WASHINGTON, July 12 (Reuters) ''Magic mushrooms,'' used by Native Americans and hippies to alter consciousness, appear to have similar mystical effects on many people, U.S. researchers have reported.

More than 60 percent of volunteers given capsules of psilocybin derived from mushrooms said they had a ''full mystical experience.'' ''Many of the volunteers in our study reported, in one way or another, a direct, personal experience of the ''beyond,'' said Roland Griffiths, a professor of Neuroscience and Psychiatry and Behavioral Biology at Johns Hopkins University in Baltimore who led the study yesterday.

A third said the experience was the single most spiritually significant of their lifetimes. Many likened it to the birth of their first child or the death of a parent.

And the effects lingered.

Two months after getting the drug, 79 percent of the volunteers said they felt a moderately or greatly increased well-being or life satisfaction, according to the report published in the journal Psychopharmacology.

''Discovering how these mystical and altered consciousness states arise in the brain could have major therapeutic possibilities,'' said Griffiths.

These include ''treatment of intolerable pain, treatment of refractory depression, amelioration of the pain and suffering of the terminally ill,'' he added.

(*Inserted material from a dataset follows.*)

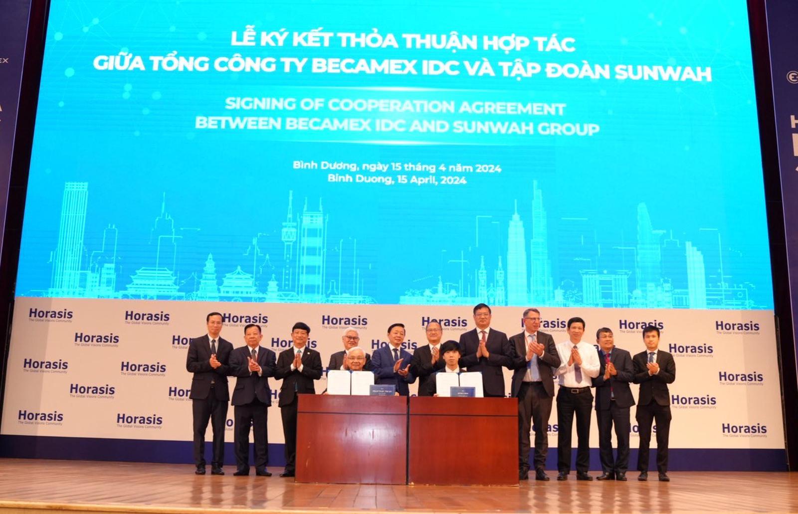 Với sự chứng kiến của lãnh đạo Chính phủ, lãnh đạo tỉnh Bình Dương, Tổng Công ty Becamex IDC và Tập đoàn Sunwah đã thực hiện ký kết biên bản ghi nhớ nhằm thúc đẩy những chương trình hợp tác cụ thể liên quan đến sự phát triển toàn diện giữa hai bên, hướng đến những lĩnh vực quan trọng như đổi mới sáng tạo, chuyển đổi số, phát triển công nghệ, phát triển bền vững, Net Zero và đảm bảo về sự thịnh vượng chung.
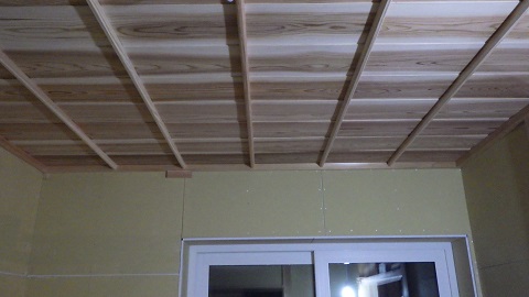 本舘の新築工事は和室の竿縁天井が完了していました。杉の木目も綺麗でいい感じですね

Griffiths and colleagues tested 36 healthy, educated volunteers who all reported they had active spiritual lives.

''We thought a familiarity with spiritual practice would give them a framework for interpreting their experiences and that they'd be less likely to be confused or troubled by them,'' Griffiths said in a statement.

Griffiths said he did not want to be accused of working like Timothy Leary, the former Harvard University psychologist best known for his 1960s experiments with LSD, another mind-altering drug.

NOT TURNING ON AND TUNING IN ''We are conducting rigorous, systematic research with psilocybin under carefully monitored conditions, a route which Dr. Leary abandoned in the early 1960s,'' Griffiths said.

''Even in this study, where we greatly controlled conditions to minimize adverse effects, about a third of subjects reported significant fear, with some also reporting transient feelings of paranoia,'' he added.

''Under unmonitored conditions, it's not hard to imagine those emotions escalating to panic and dangerous behavior.'' Psilocybin acts like a message-carrying chemical called serotonin on brain cells. Serotonin is linked with mood.

''Unlike drugs of abuse such as alcohol and cocaine, the classic hallucinogens are not known to be physically toxic and they are virtually non-addictive, so those are not concerns,'' Griffiths said.

To ensure that people did not imagine their experiences, each volunteer got either psilocybin or methylphenidate, a stimulant best known for treating attention deficit hyperactivity disorder.

Then the drugs were swapped, so that every volunteer got both drugs, but neither the subjects nor the staff working with them knew who got which drug or when.

Afterwards, 22 of the 36 volunteers said they had a ''complete'' mystical experience with psilocybin, compared to four after they got methylphenidate.

Former National Institute on Drug Abuse director Dr. Charles Schuster praised the study and said such drugs may some day be used to treat addictions.

Dr. Solomon Snyder, a neuroscientist at Johns Hopkins who says he has experimented with LSD himself, said the experiment might lead to a way to find the ''locus of religion'' and the biological basis of consciousness in the brain.

But Griffiths said such study would be purely scientific.

''We're not entering into 'Does God exist or not exist.' This work can't and won't go there,'' he said.